Studio album by Asaf Avidan & the Mojos
- Released: 2008 (Israel) 15 January 2010 (Europe) 17 August 2012 (re-release)
- Recorded: 2006–2008
- Label: Telmavar Records (Israel) Sony/Columbia

Asaf Avidan & the Mojos chronology
|  | The Reckoning (2008) | Poor Boy / Lucky Man (2009) |

Singles from The Reckoning
- "Reckoning Song" Released: 2008; "Weak" Released: 2008;

= The Reckoning (Asaf Avidan & the Mojos album) =

The Reckoning is an album by the Israeli band Asaf Avidan & the Mojos, released in Israel in 2008. The album's 15 tracks blended rock, folk and blues with Avidan's lyrics about relationships and betrayal.
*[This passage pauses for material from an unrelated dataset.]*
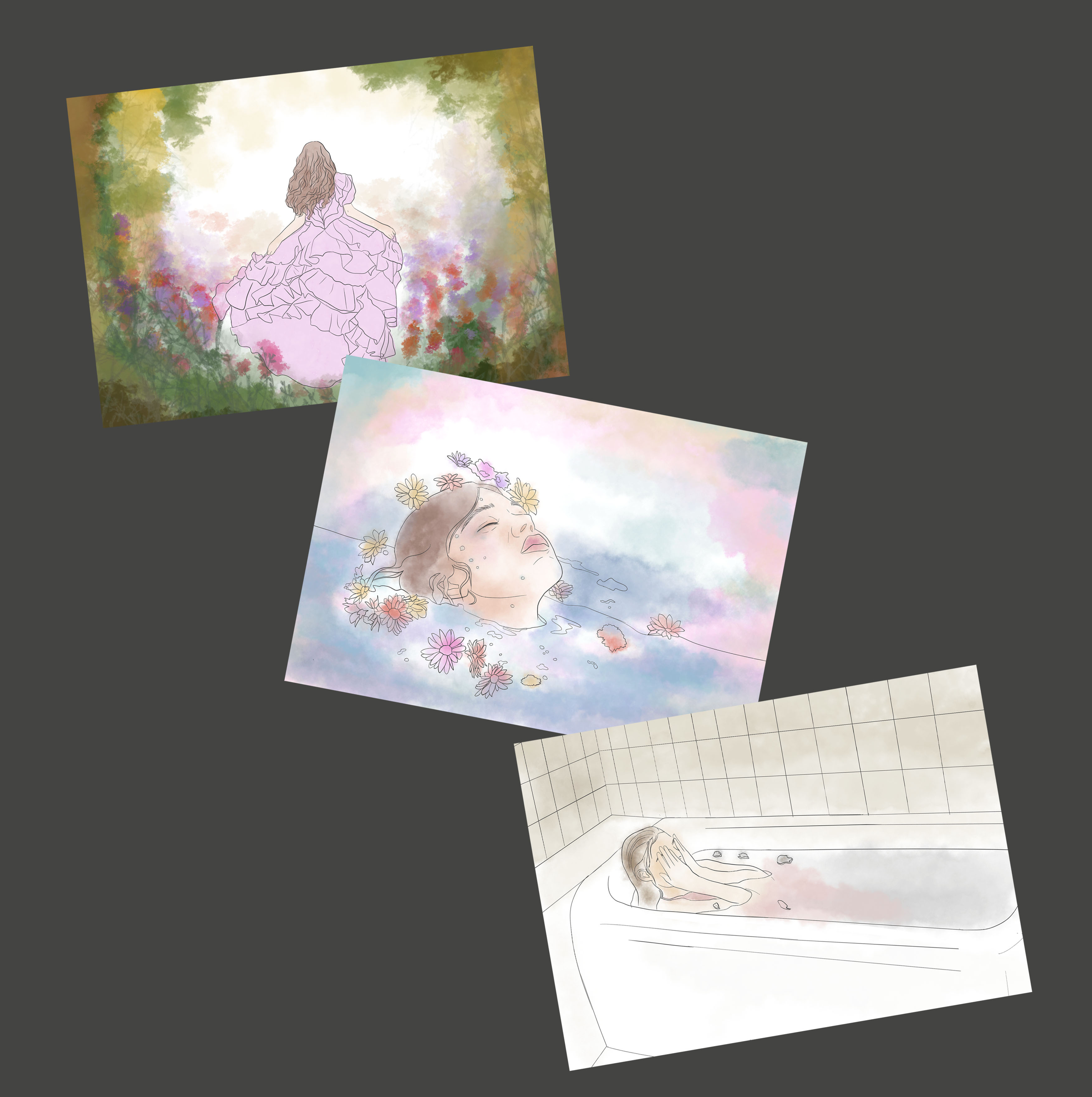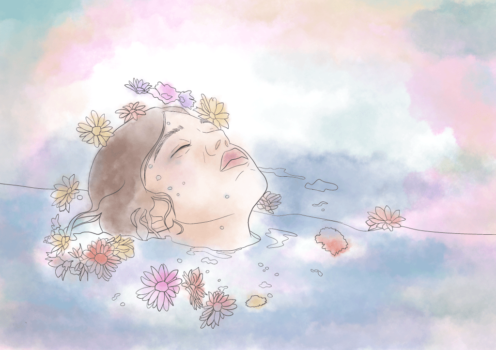The woman lies down on a bed of flowers and grass. Water suddenly overflows from the bed of field, signifying calmness growing to emotional catharsis.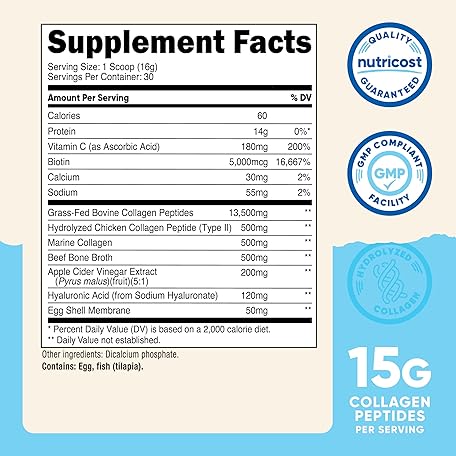 Thông tin sản phẩm Nutricost Multi Collagen Protein Complex (Unflavored, 30 Servings) - Supplement with Biotin, Hyaluronic Acid, and Collagen Peptides

The album was certified gold status in a year, and platinum later, and would eventually become the biggest selling "independent" record of all time in Israel. It was chosen as Album of the Year (2008) by various media, including Time Out Tel Aviv.

"Reckoning Song" was the first single released from the album in Israel. It would eventually become a huge international hit for Asaf Avidan retitled and remixed as "One Day / Reckoning Song (Wankelmut Rmx)".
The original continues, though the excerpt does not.